Neon Prey

  • By John Sandford
  • G.P. Putnam's Sons
  • 400 pp.
  • Reviewed by Marvin McIntyre
  • June 20, 2020

This latest in the series is as exquisitely coarse as fans have come to expect.

Neon Prey

When I was a child, I always looked forward to visiting my grandfather in the tiny city of Lewisburg, Tennessee. The highlight of the trip was helping churn and create homemade peach ice cream, aka “nectar of the gods.”

Even before we arrived at his home, before he pulled out the fresh peaches and custard filling, and before I cranked for what seemed like an entire day, my taste buds knew: Without a doubt, it would be delicious.

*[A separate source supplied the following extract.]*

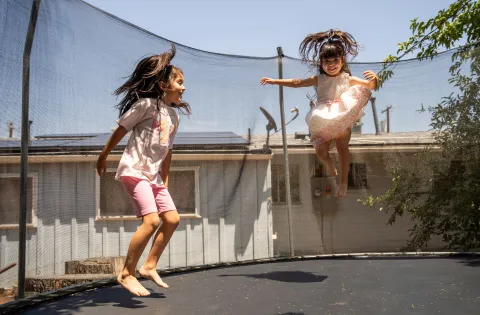 Two girls hugging on a trampoline

After 29 Prey books and 11 Virgil Flowers books, I smile even before I turn to the first page of any John Sandford novel. Too many years ago, a fellow thriller aficionado handed me a rumpled paperback of Rules of Prey, Sandford’s first, and I was hooked. The hero of the series, Lucas Davenport, has been sliced, diced, and shot, yet still is quite capable of catching the bad guys.

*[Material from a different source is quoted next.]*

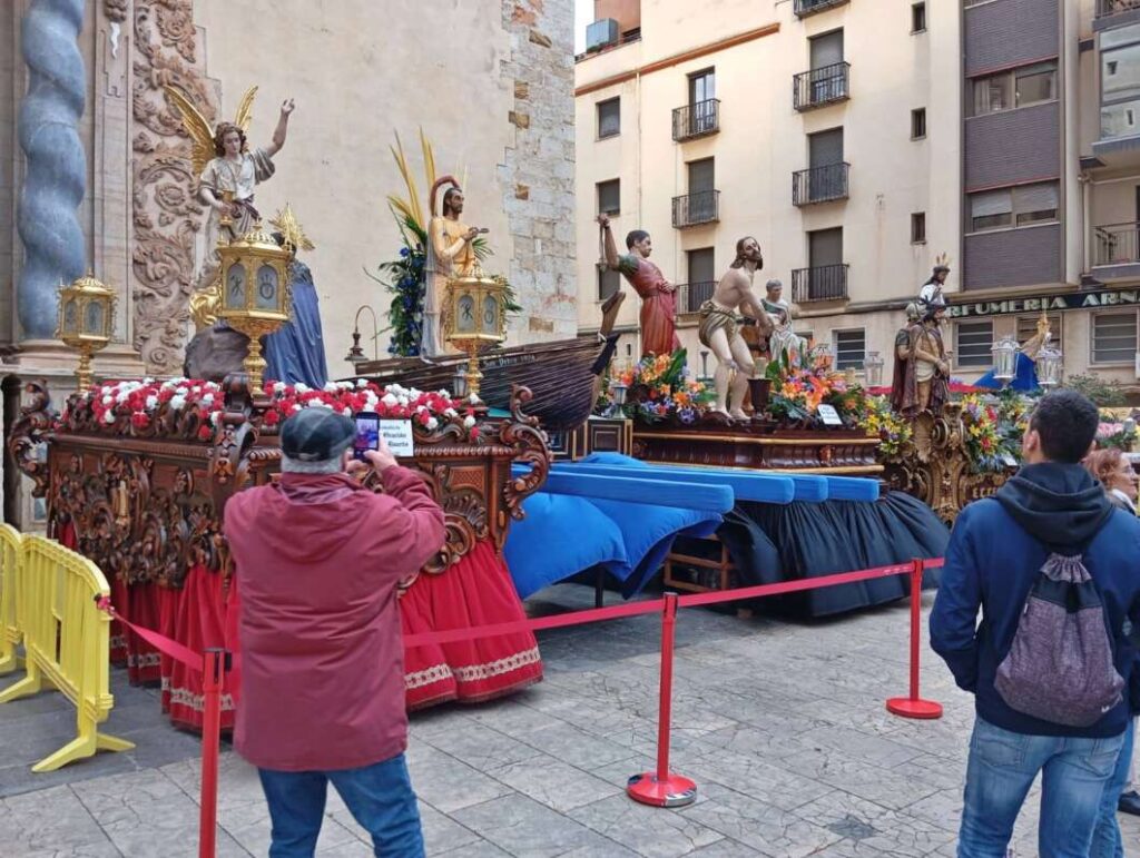 Los pasos de las diferentes cofradías que participan en las procesiones de Semana Santa se han expuesto durante la tarde de hoy en la plaza Parroquial, captando la atención de los visitantes las imágenes que procesionan.

Serial killers are not strangers to Davenport, and his prior successes give him considerable latitude when he is pursuing the worst of monsters. In Neon Prey, U.S. Marshal Davenport is assigned to track down what originally appears to be a low-level enforcer who has skipped bail.

The criminal moves to the top of the most-wanted scale when it’s determined that he left behind a garden full of dead bodies, most of which supported his own meat-eating. But catching a clever cannibal is never easy.

In order to assist him on his mission, Davenport brings in two of his colorful marshals, named Bob and Rae for the Baby Boomer generation. Add a brief appearance by Virgil “f---ing” Flowers, who escaped the Davenport-centric world to star in a series of his own, and, in the words of my father, “There was never a dull moment.”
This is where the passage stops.